◆ Prompt ◆
Print out every line of the material exactly. Include no pictures.

◆ Data shown ◆
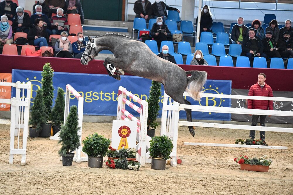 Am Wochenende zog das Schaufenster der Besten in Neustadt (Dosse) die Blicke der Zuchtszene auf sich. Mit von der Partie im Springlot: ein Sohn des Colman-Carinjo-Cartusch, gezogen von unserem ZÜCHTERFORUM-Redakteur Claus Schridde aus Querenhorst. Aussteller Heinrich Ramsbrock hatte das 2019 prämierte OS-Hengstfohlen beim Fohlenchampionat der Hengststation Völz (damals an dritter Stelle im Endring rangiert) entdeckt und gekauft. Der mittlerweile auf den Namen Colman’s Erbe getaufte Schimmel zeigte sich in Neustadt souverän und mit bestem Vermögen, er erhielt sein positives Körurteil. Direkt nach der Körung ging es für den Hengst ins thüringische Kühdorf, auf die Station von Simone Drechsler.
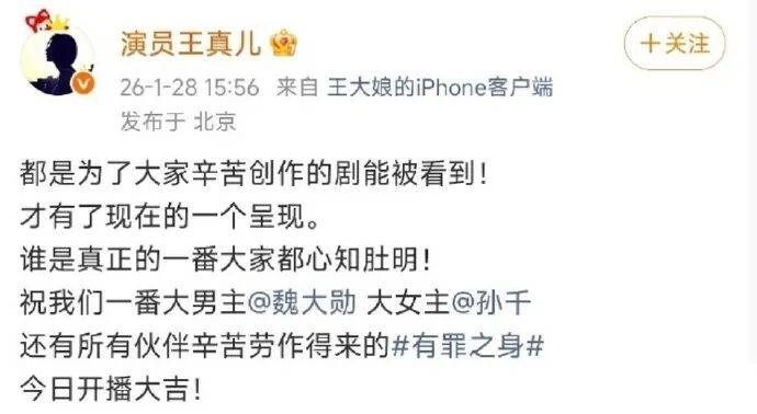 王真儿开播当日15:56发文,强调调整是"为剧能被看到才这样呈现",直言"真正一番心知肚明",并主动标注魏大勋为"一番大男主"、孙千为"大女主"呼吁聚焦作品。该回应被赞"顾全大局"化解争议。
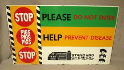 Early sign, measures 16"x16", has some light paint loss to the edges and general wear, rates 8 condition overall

◆ Written answer ◆
 Am Wochenende zog das Schaufenster der Besten in Neustadt (Dosse) die Blicke der Zuchtszene auf sich. Mit von der Partie im Springlot: ein Sohn des Colman-Carinjo-Cartusch, gezogen von unserem ZÜCHTERFORUM-Redakteur Claus Schridde aus Querenhorst. Aussteller Heinrich Ramsbrock hatte das 2019 prämierte OS-Hengstfohlen beim Fohlenchampionat der Hengststation Völz (damals an dritter Stelle im Endring rangiert) entdeckt und gekauft. Der mittlerweile auf den Namen Colman’s Erbe getaufte Schimmel zeigte sich in Neustadt souverän und mit bestem Vermögen, er erhielt sein positives Körurteil. Direkt nach der Körung ging es für den Hengst ins thüringische Kühdorf, auf die Station von Simone Drechsler.
 王真儿开播当日15:56发文,强调调整是"为剧能被看到才这样呈现",直言"真正一番心知肚明",并主动标注魏大勋为"一番大男主"、孙千为"大女主"呼吁聚焦作品。该回应被赞"顾全大局"化解争议。
 Early sign, measures 16"x16", has some light paint loss to the edges and general wear, rates 8 condition overall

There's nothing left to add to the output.